------ Material provided

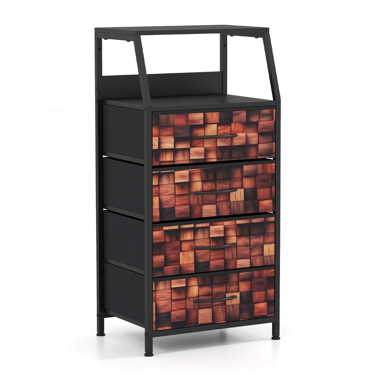 Industrielt nattbord med 4 stoffskuffer og åpen hylle
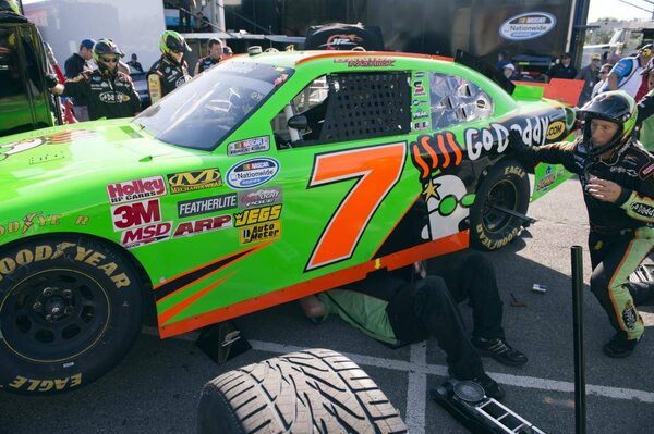 Mechanics work on the car of Danica Patrick during the NAPA Auto Parts 200 NASCAR Nationwide race at the Circuit Gilles Villeneuve in Montreal on Saturday, August 18, 2012. Patrick finished in 27th place.Ryan Remiorz/The Canadian Press
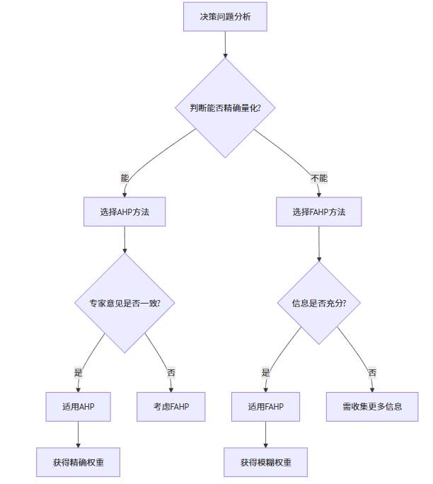 选择AHP还是FAHP取决于决策问题的特性和可用信息的质量。当决策环境稳定、指标关系明确、专家意见一致时,AHP能够提供精确的权重结果;当决策环境复杂、存在不确定性、专家判断具有模糊性时,FAHP则更为适合。
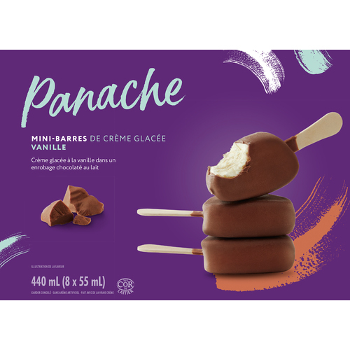 CRÈME GLACÉE : CRÈME # LAIT # SUCRES (SUCRE, SOLIDES DE GLUCOSE, DEXTROSE) # SUBSTANCES LAITIÈRES MODIFIÉES (LAIT) #POUDRE DE LAIT ÉCRÉMÉ # GOMME DE CAROUBE # MONO- ET DIGLYCÉRIDES # ARÔME NATUREL # GOMME DE GUAR # CARRAGHÉNINE # CURCUMA # ROCOU ENROBAGE CHOCOLATÉ AU LAIT : SUCRE # HUILE DE COCO # HUILE DE FÈVE DE SOYA # POUDRE DE LAIT ENTIER # CHOCOLAT NON SUCRÉ # POUDRE DE BABEURRE (LAIT) #BEURRE DE CACAO # LÉCITHINE DE SOYA # ARÔME NATUREL PEUT CONTENIR : OEUF # ARACHIDES #NOIX # BLÉ
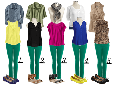 Цветовые сочетания такие же, как и для любых других зеленых брюк.

------------

__Brief__: Print only the lines from the first line of the data above through the one containing "选择AHP还是FAHP取决于", exactly as they are, with pictures omitted.

__Result of this task__:
 Industrielt nattbord med 4 stoffskuffer og åpen hylle
 Mechanics work on the car of Danica Patrick during the NAPA Auto Parts 200 NASCAR Nationwide race at the Circuit Gilles Villeneuve in Montreal on Saturday, August 18, 2012. Patrick finished in 27th place.Ryan Remiorz/The Canadian Press
 选择AHP还是FAHP取决于决策问题的特性和可用信息的质量。当决策环境稳定、指标关系明确、专家意见一致时,AHP能够提供精确的权重结果;当决策环境复杂、存在不确定性、专家判断具有模糊性时,FAHP则更为适合。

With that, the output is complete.